There is a subtle but major change regarding PCIe I/O connectivity with the introduction of Intel’s newest dual/quad processor CPU architecture, Skylake-SP. The architecture calls for the 48 PCIe lanes to be grouped in 3 separate pairs of 16 lanes per CPU coming from 3 separate IIO modules. In previous generations of CPU, the aggregate number of PCIe lanes would be associated with one IIO module.

The impact of this manifests itself in the inability to drive one single PCIe root complex per CPU, with a larger number of aggregate lanes as in previous CPU architectures. For example, with the Broadwell architecture, you could have a dual CPU system, and drive one PCIe root complex with 40 lanes of PCIe from each CPU. This is not possible with Skylake-SP. Each Skylake-SP CPU will have IIO #1 – 16 lanes, IIO #2 – 16 lanes, IIO #3 – 16 lanes. This means that even if all of the PCIe slots in the system were desired to be a part of a single PCIe root complex, the maximum amount of lanes from CPU ↔ PCIe fabric is 16 PCIe lanes.

  1. Each Skylake-SP processor has one IIO(Integrated I/O) module.
  2. Each IIO module consists of 3 individual IOU modules.
  3. Each IOU module consists of 4 individual PCIe x4 lanes, which can be aggregated to form one PCIe x16 link / PCIe root complex. See drawing below for a breakout of one of the three IOU modules found on a Skylake-SP processor.

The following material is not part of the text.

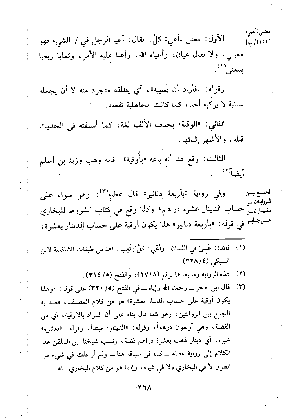 (¬3) قال ابن حجر-رحمنا الله وإياه- في الفتح (5/ 320) على قوله: "وهذا يكون أوقية على حساب الدينار بعشرة" هو من كلام المصنف، قصد به الجمع بين الروايتين، وهو كما قال بناء على أن المراد بالأوقية، أي من الفضة، وهي أربعون درهماً، وقوله: "الدينار" مبتدأ. وقوله: "بعشرة" خبره، أي دينار ذهب بعشرة دراهم فضة، ونسب شيخنا ابن الملقن هذا الكلام إلى رواية عطاء -كما في سياقه هنا- ولم أر ذلك في شيء من الطرق لا في البخاري ولا في غيره، وإنما هو من كلام البخاري. اهـ.

This blog post may help get an understanding of PCIe root complex and the implications as well.

Skylake-SP IOU Module (1 of 3 which comprise of a full IIO module on each Skylake-SP processor)


Full Diagram of  the Skylake-SP IIO Module

Skylake-SP Single Root Complex 10 PCIe/GPU Conceptual Example

In this example, you can see that single the IIO is split into 3 separate 16 lane IIO segments. It limits how many PCIe lanes can feed a single root complex PCIe topology.


Broadwell Single Root Complex 10 PCie/GPU Conceptual Example

In this example, you can see that since Broadwell had a single IIO with all of the aggregate lanes. This creates more PCIe lanes that can be used to connect a single root complex PCIe topology.